→ **Exercise description**
Repeat all of the data below word for word, keeping no images.

→ **The data**
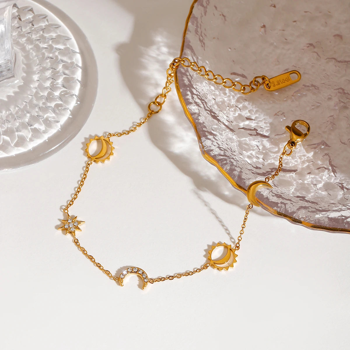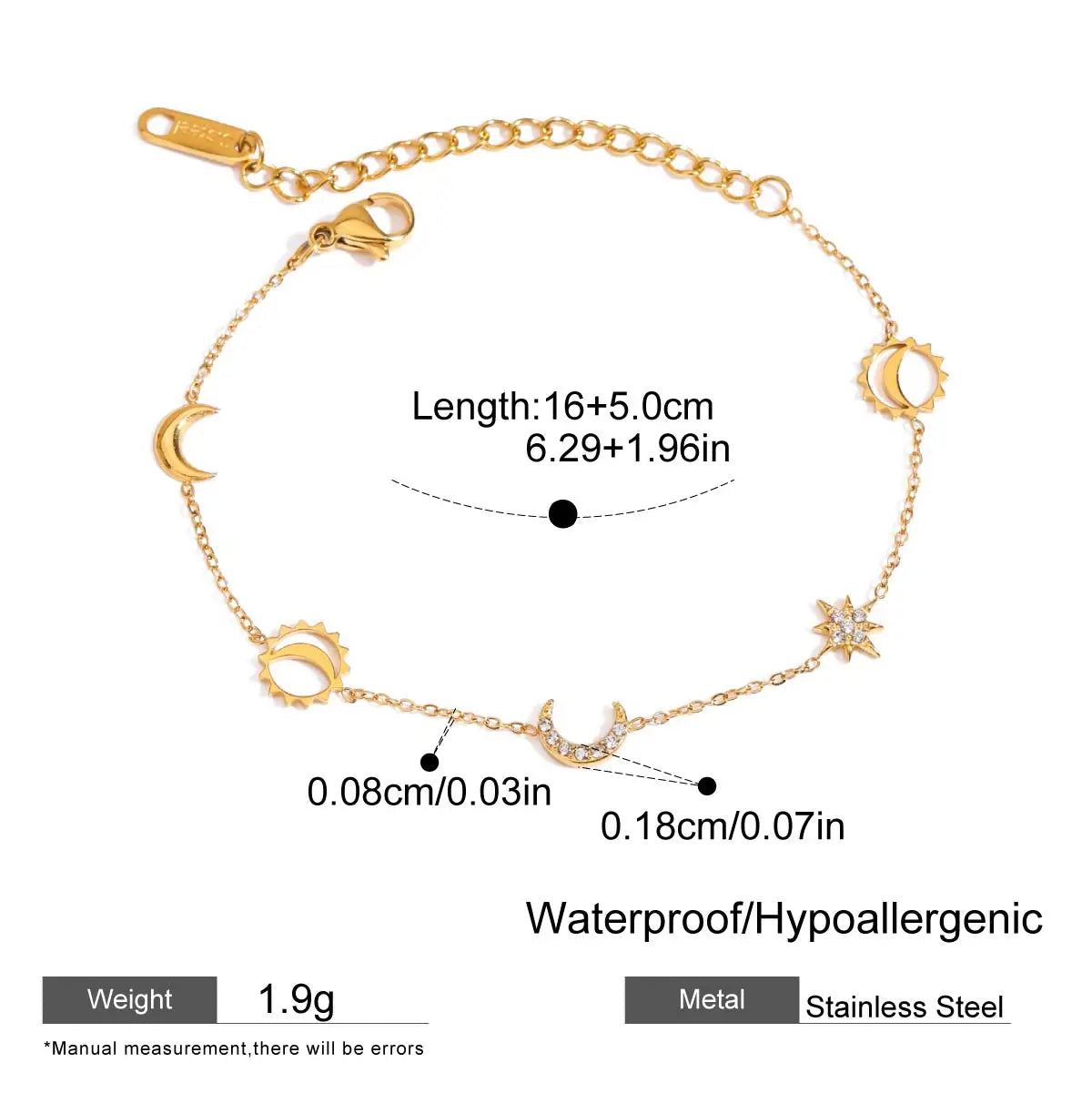ステンレス304 低ニッケル 水に濡れても錆びにくい 18Kゴールドメッキ ブレスレット 月 【YJ02036】
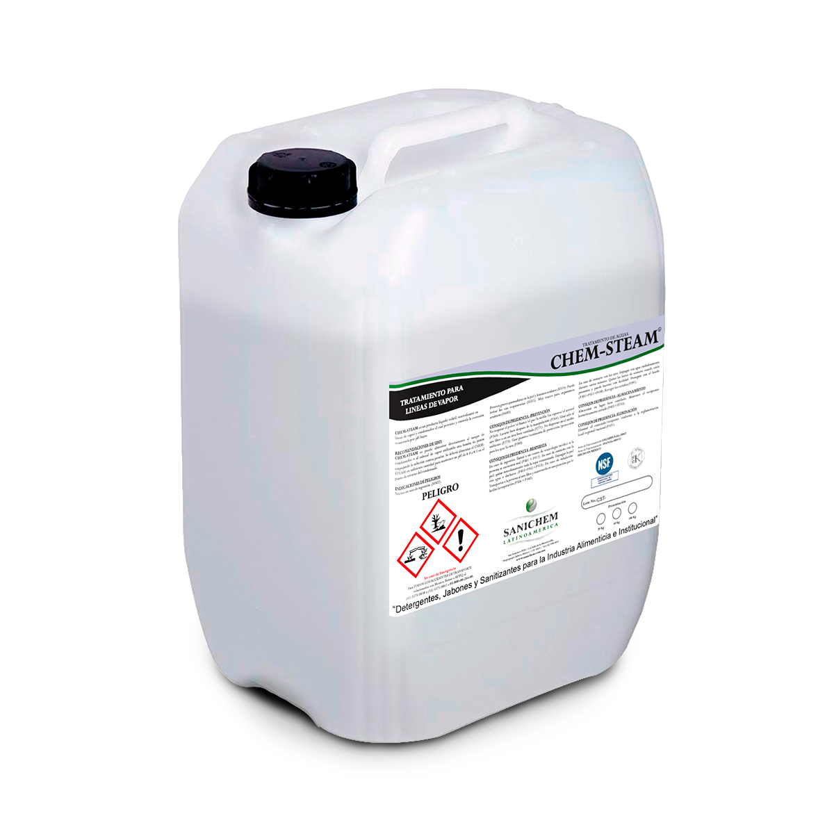 CHEM STEAM, es un producto líquido volátil, neutralizante en líneas de vapor y condensados previene y controla la corrosión ocasionada por pH bajos .
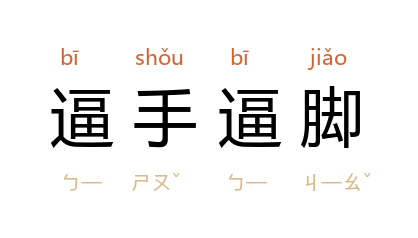 引《儒林外史·第四二回》:「那菜一碗一碗的捧上来,六老爷逼手逼脚的坐在底下吃了一会酒。」
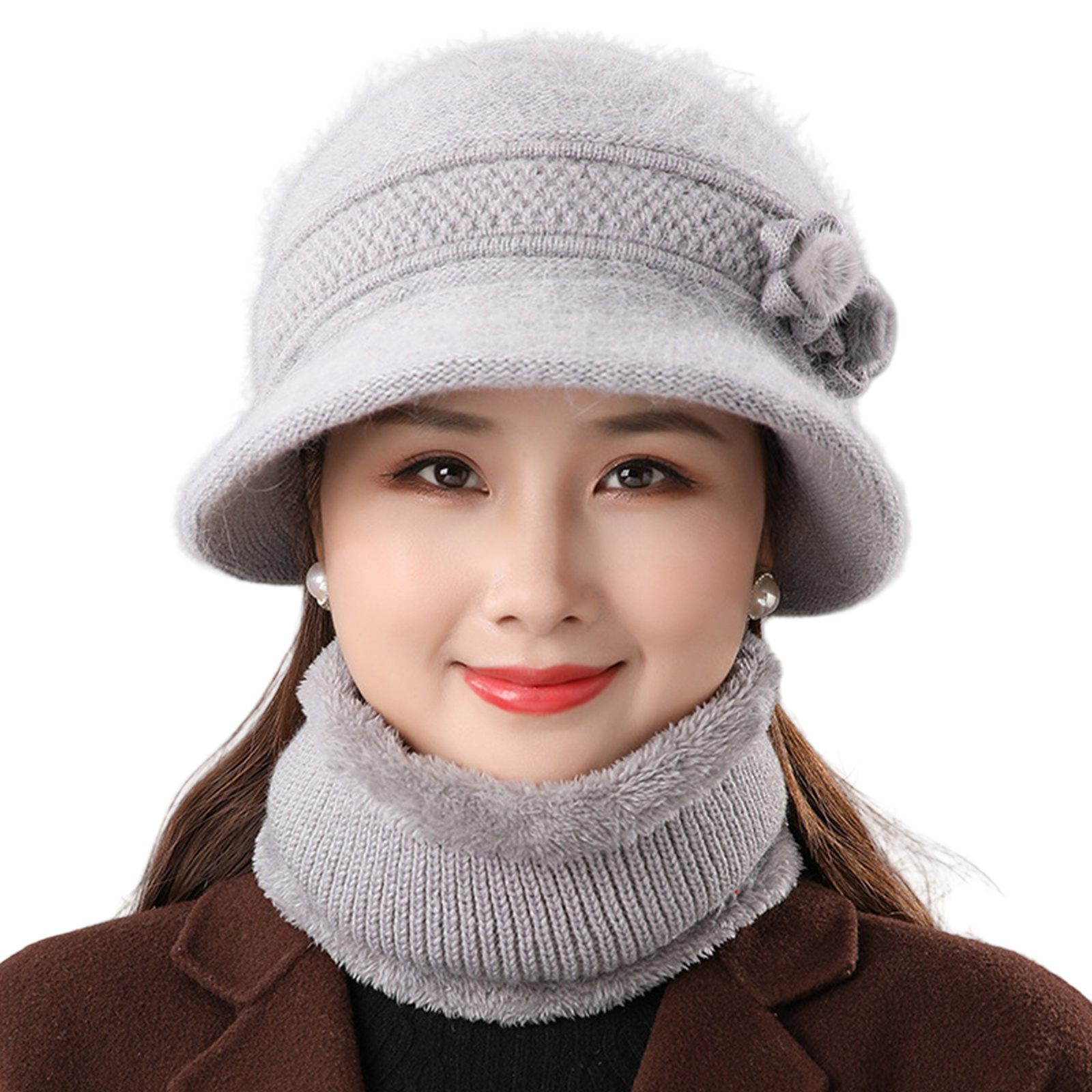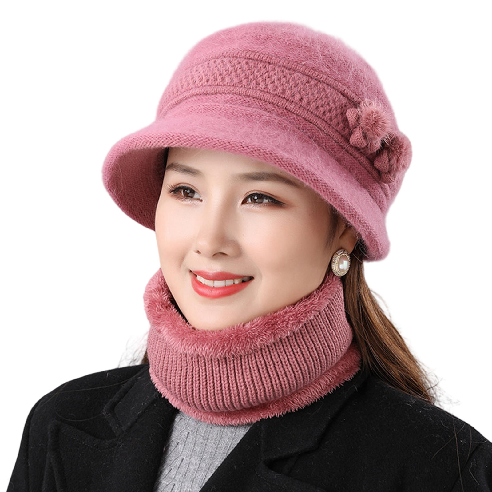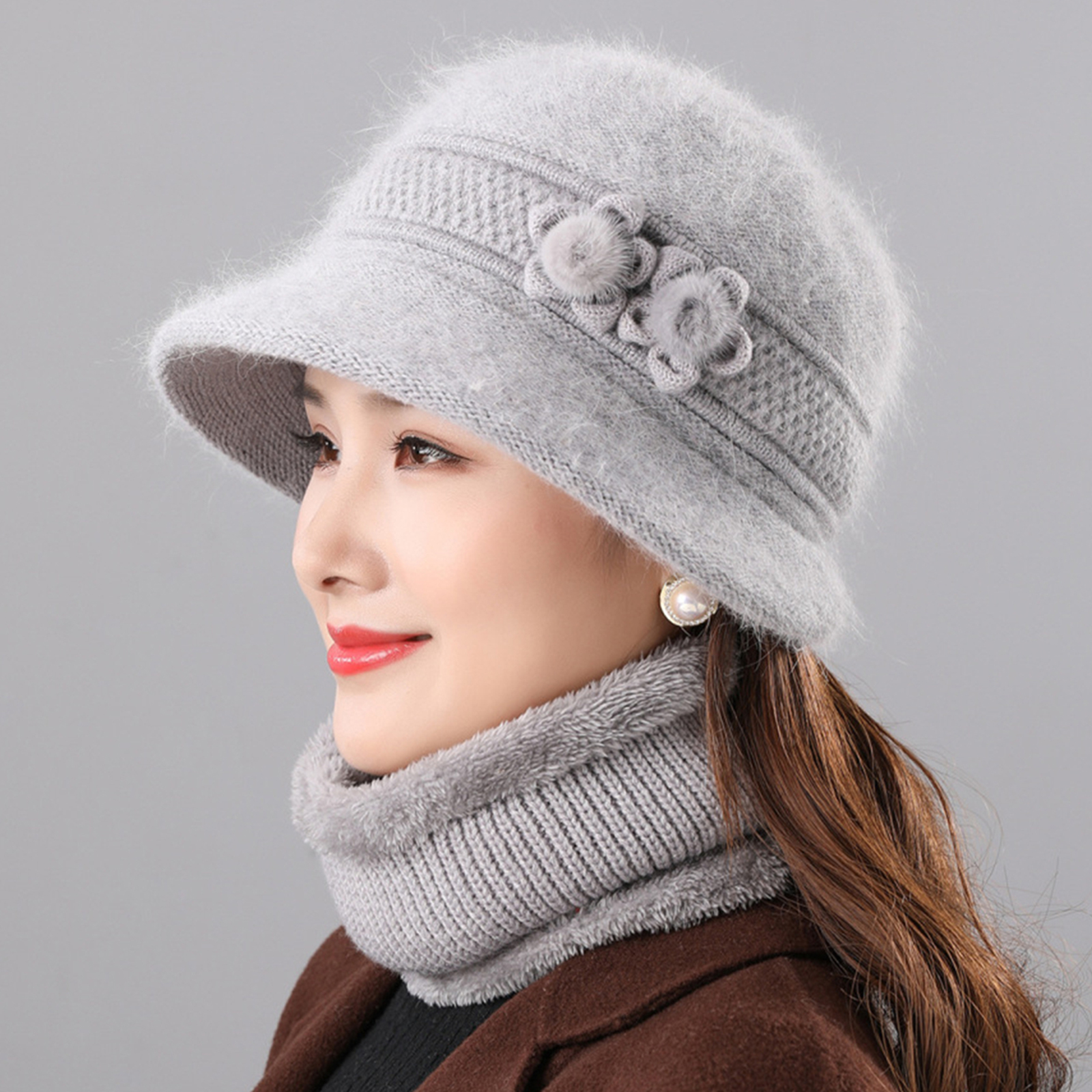 2Pcs Women's Warm Wool Blend Hat Winter Outdoor Windproof Scarf Set Basin Cap

→ **Solved exercise**
ステンレス304 低ニッケル 水に濡れても錆びにくい 18Kゴールドメッキ ブレスレット 月 【YJ02036】
 CHEM STEAM, es un producto líquido volátil, neutralizante en líneas de vapor y condensados previene y controla la corrosión ocasionada por pH bajos .
 引《儒林外史·第四二回》:「那菜一碗一碗的捧上来,六老爷逼手逼脚的坐在底下吃了一会酒。」
 2Pcs Women's Warm Wool Blend Hat Winter Outdoor Windproof Scarf Set Basin Cap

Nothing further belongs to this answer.